DIG / Alors que le Gabon vient de graver dans le marbre un durcissement historique du Code de la nationalité, une nomination à la tête de la communication du gouvernement fait l’effet d’un séisme politique.
Soro Donagnon Issoufou, expert infographe d’origine ivoirienne et naturalisé gabonais, assure l’intérim de ce poste ultra-stratégique depuis le 26 mars 2026.
Une promotion qui interroge sur la cohérence de la doctrine de « préférence nationale » affichée par les nouvelles autorités.
Une nomination à contre-courant de la loi
Le nouveau Gabon de 2026 s’est doté de lois restrictives visant à réserver les fonctions souveraines et les secteurs économiques clés aux « Gabonais d’origine ».
Dans ce contexte, voir un citoyen naturalisé prendre les commandes de la parole officielle de l’État crée un malaise profond.
Le choc des principes : Comment justifier l’exclusion des binationaux de certains secteurs économiques tout en confiant les clés de la communication gouvernementale — le saint des saints de la stratégie d’État — à un profil dont la naturalisation est au cœur des débats ?

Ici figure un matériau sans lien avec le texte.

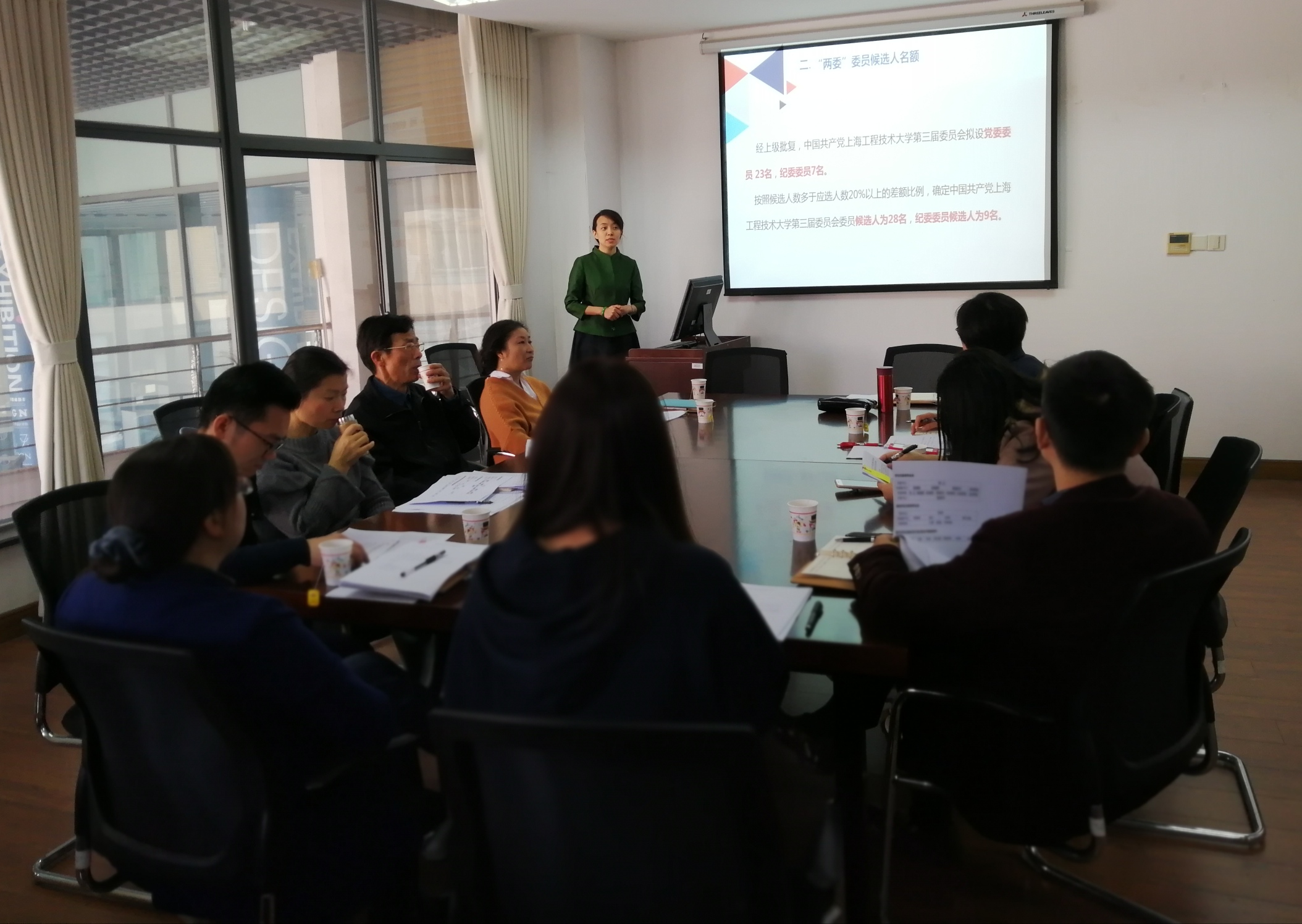 会上,服装公司党委书记袁蓉首先讲解了党委委员、纪委委员产生的程序,候选人名额,预备人选提名原则,候选人条件,强调了候选人预备人选提名程序和时间安排。接着,袁蓉书记传达了公司党委书记李江同志提出的三点要求,一是要提高政治站位,从党的工作需要和学校全局出发,以对党的建设和学校事业高度负责的态度发表意见;二是要正确行使党员的民主权利,真正把那些党性强、作风正、实绩突出、群众公认的同志推荐上来;三是要严守政治规矩,把纪律和规矩挺在前面,坚决做到“九严禁”。
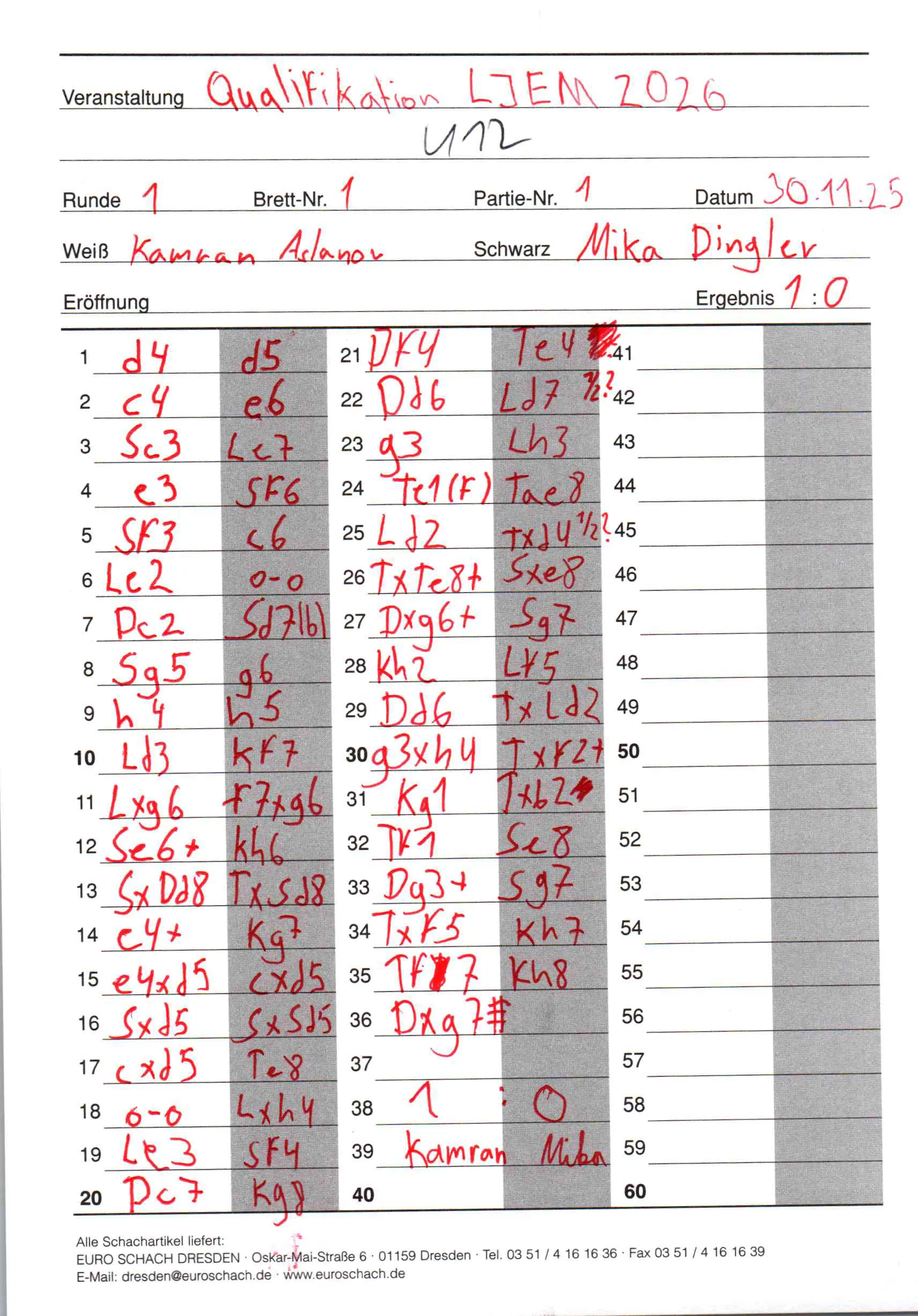| Weiß: | Aslanov, Kamran | Schwarz: | Dingler, Mika |

Légitimité technique vs Identité : Si ses compétences en ingénierie de l’image sont reconnues, le milieu de la communication s’interroge : le talent technique suffit-il à compenser le déficit de « légitimité historique » exigé par l’opinion publique actuelle ?
Soupçons et réseaux d’affinités
Dans les couloirs du pouvoir à Libreville, les murmures vont bon train. Beaucoup y voient la persistance de réseaux d’affinités qui transcenderaient les lois patriotiques votées ces derniers mois.
Cette nomination fragilise le discours officiel sur la « restauration de la dignité nationale » :
-S’agit-il d’un pragmatisme de sommet qui privilégie l’efficacité technocratique ?
-Ou d’un accroc majeur au contrat social promis aux Gabonais après la transition ?
Un test de crédibilité pour le pouvoir
La confirmation définitive de Soro Donagnon Issoufou à ce poste serait un signal ambigu. Elle prouverait que, malgré les discours souverainistes, le sommet de l’État reste une zone où les règles de nationalité s’effacent devant la proximité ou l’expertise technique.
Pour les défenseurs du « Gabon d’abord », c’est une pilule amère qui pourrait alimenter une fronde identitaire au sein même de la majorité.